I remember writing on my personal blog a long time ago about my high needs toddler. This was a little girl who had grown from being a high needs baby – one that requires constant holding and comfort (and will scream bloody murder the entire time).
Well here we are two years later, and I can say that the “high needs” part of my child is the gift that keeps on giving
My daughter is extremely smart, engaging and often hilarious. But with her intensity comes extra challenges:
- Clothing is still her enemy. She has a handful of things she will wear over and over. Anything that is restrictive is out of the question – no arm cuffs, no jeans or pants with buttons, and only specific socks will do.
- Obsessive compulsive – she likes to repeat certain activities or patterns. For example, bedtime must consist of the exact same routines and words repeated, or she tends to lose it.
- Picky eating – food cannot touch each other on the plate, and she freaks out over various ingredients. She doesn’t like “black specs” in her dinner (i.e. spices), “chewy meat” or meat with fat, and certain textures are tough for her to swallow.
- Drama queen – any tiny cut or scrape is blown out of proportion. If it’s actually a serious injury (like the time she fell off her bed onto her front teeth), you can expect hysterics to the point of passing out.

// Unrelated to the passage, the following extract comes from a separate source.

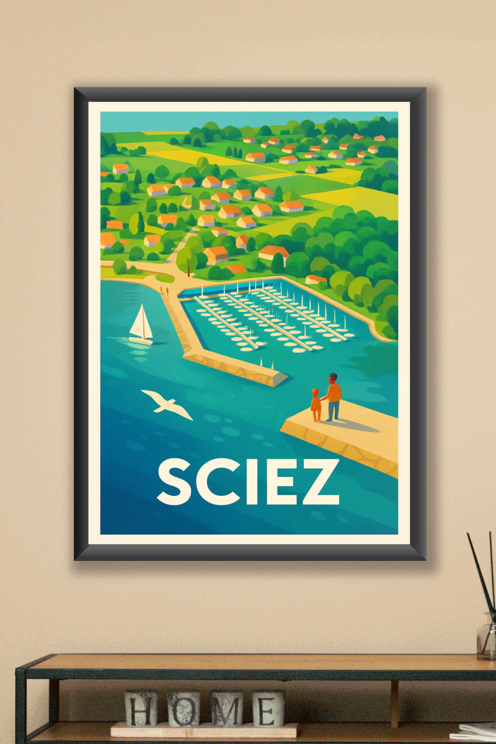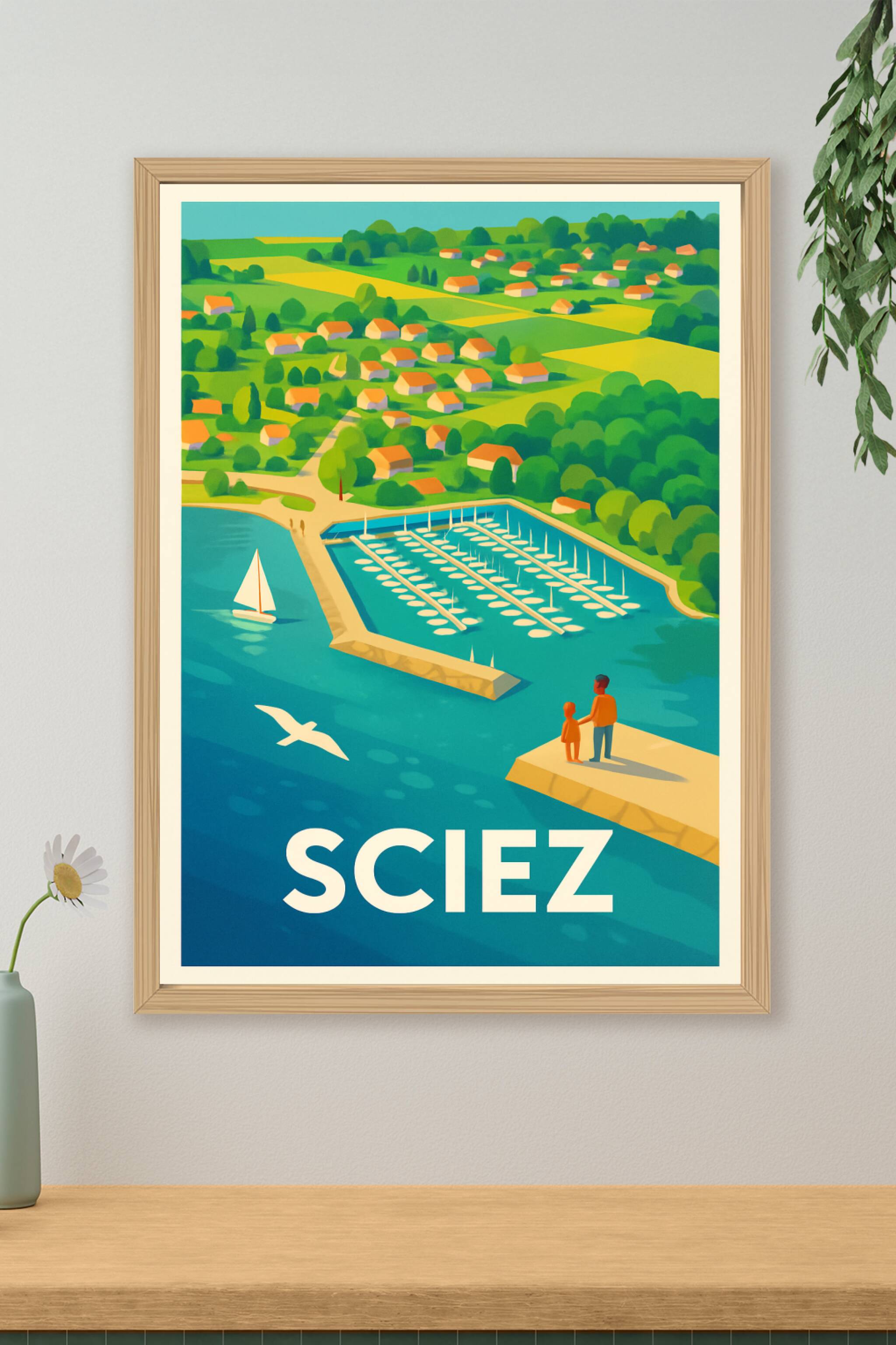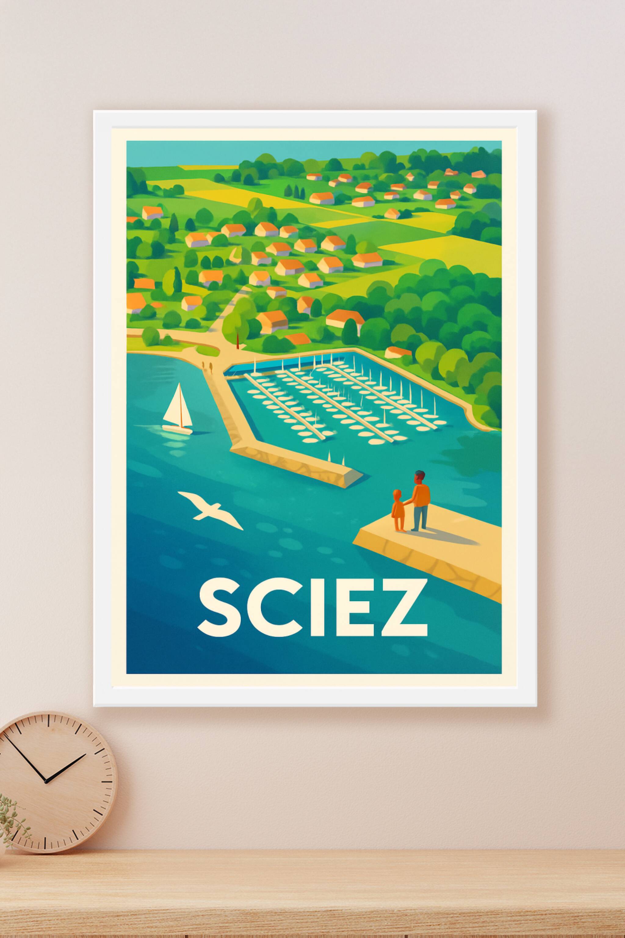 Découvrez la douceur de vivre au bord du lac Léman avec cette affiche illustrée qui capture la marina de Sciez ainsi que les charmantes maisons dis...

Although all of this sounds like we should be bringing her to the doctor for an assessment, I can say with certainty that we aren’t dealing with any developmental disorder. She has done very well in all-day Kindergarten, and tends to save her emotional releases for home She is learning to write and read, and has no trouble socializing with other kids.
What it does mean is that we’ve had to become creative in finding ways to manage our daughter’s emotions. My level of patience has gone up tremendously in the past few years, and I don’t lose my temper nearly as often as I used to. It helps that my husband is very creative, and often comes up with great solutions!
1) Make things into a game. She won’t go pee? Ask her if you can “pump” her arm to see whether pee will come out. Won’t get dressed? Pretend her pants go on her arms and get her giggling.
2) Routine, routine, routine. I’ve mentioned my daughter is slightly OCD. Although she does well when we go on vacation or go out to special events, most days she thrives on a very strict schedule. School is actually a great place for her, because she knows what to expect. We find it more challenging when she is at home with nothing to do!
3) Wear them out. Staying at home and just “hanging out” does not go over well with our daughter (actually, it might be the parents who suffer the most!) We always go out and do something, even in a snowstorm! She also enjoys swimming, museums, gymnastics and soccer.
4) Don’t sweat the small stuff. Really, is it a big deal if she decides to wear the same outfit three days in a row? We’ve learned to put our foot down over anything that could be dangerous, but have tried to relinquish power for many other things. That’s not to say we don’t have rules, but within those rules is a lot of flexibility (e.g. she won’t wear her coat because “it feels funny.” Our rule is that she has to carry whatever she chooses not to wear. Usually within seconds she’s decided it’s too cold outside not to wear her jacket!)
5) Be empathetic, but don’t cater. We respect that our daughter has a lot of big feelings – often giving her a huge hug will help her to calm down a bit. But that doesn’t mean that we cater to her every need. She eats the same dinner as the rest of us, despite protests over various foods (we always make sure there’s one thing on the plate that she likes). And we DO find our patience runs thin when she’s disturbing the rest of the family with hysterics. There have been times we’ve chosen to keep her home from outings when she won’t cooperate, and she realizes that the consequences are that she misses out on a lot of fun!
Do you have a high needs child? What are some of your tips/tricks for parenting them?